What if it’s true? What if, at 91, the man who has ruled Cameroon since 1982 dares to run again for the highest office? That would not merely be a show of contempt for the people   it would be an unqualified act of political predation. A slap in the face of collective memory. A life sentence imposed on an entire generation.

Paul Biya: President or Prisoner of the System?

Let’s be honest: Paul Biya hasn’t truly governed Cameroon for years. He has become the symbol of proxy power, where rival factions fight not to lead, but to feed from the trough. Every signature, decree, and appointment is the outcome of a system that has turned opacity into a governing principle.

At his age, the president is nothing but a mask. Behind that mask, faceless hands manipulate the state. And behind those hands lies a deep, visceral fear: fear of losing access to stolen billions, rigged contracts, and unchecked privileges.

One thing is clear: his former collaborators do not fear Biya’s fall for ideological reasons. No. They fear audits. The truth. The courtroom. The reckoning.

Looting in Peace: The Real Goal

Keeping Paul Biya in power is not a national project   it is a cover-up plan.
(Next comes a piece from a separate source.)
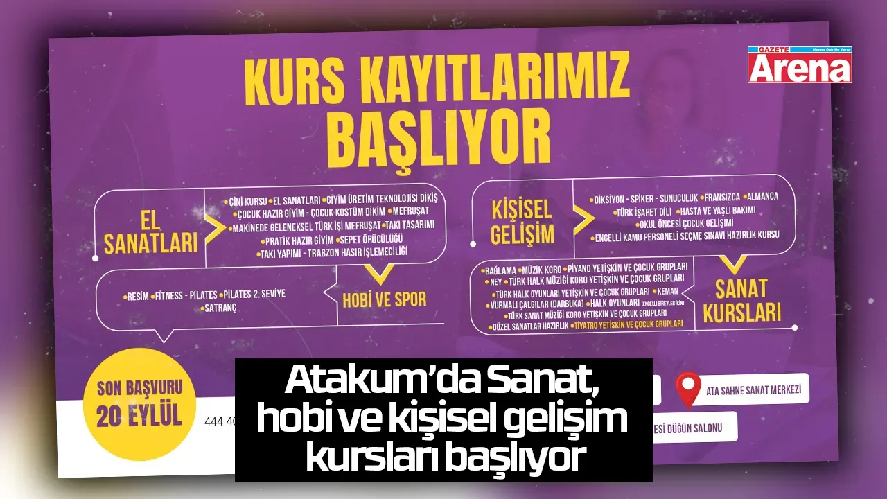 Atakum Belediyesi ile Atakum Halk Eğitim Merkezi Müdürlüğü iş birliğiyle organize edilen kurslar, el sanatları, kişisel gelişim, sanat, hobi ve spor alanlarında gerçekleştirilecek. Her kurs, alanında uzman eğitmenler tarafından yönetilecek ve katılımcıların yeteneklerini geliştirmelerine fırsat sunacak.

As long as he remains weak, distant, and largely absent, anything goes: inflated contracts, massive embezzlement, plundering of public markets, land grabs, systemic impunity.

Billions poured into the construction of stadiums, scandals involving Camtel, electricity failures, broken telecom networks, ghost hospitals   all of this takes place under the vacant gaze of a government more concerned with its own survival than that of the people.

Cameroon has become a company in liquidation, managed by unworthy heirs who refuse to leave for fear of being caught by the law or by popular revolt.

And What About the People?

The Cameroonian people watch, observe, endure. They endure water shortages, unjustified bills, broken roads, inaccessible healthcare, decaying education, corrupt police, and youth unemployment. And still, they vote. Sometimes they hope. Often, they resign themselves.

But for how much longer?

One Mandate Too Many… or the Catalyst for Rebirth?

If Paul Biya announces his candidacy for 2025, it must mark a breaking point. Because this would be a candidacy rooted in absolute disdain, clinical detachment, and final provocation. It would no longer be Biya versus the opposition  it would be Biya versus History. Biya versus his own people. Biya versus common sense.

The question is no longer whether he can still govern. He cannot.

The real question is: How much longer will we allow this farce to continue?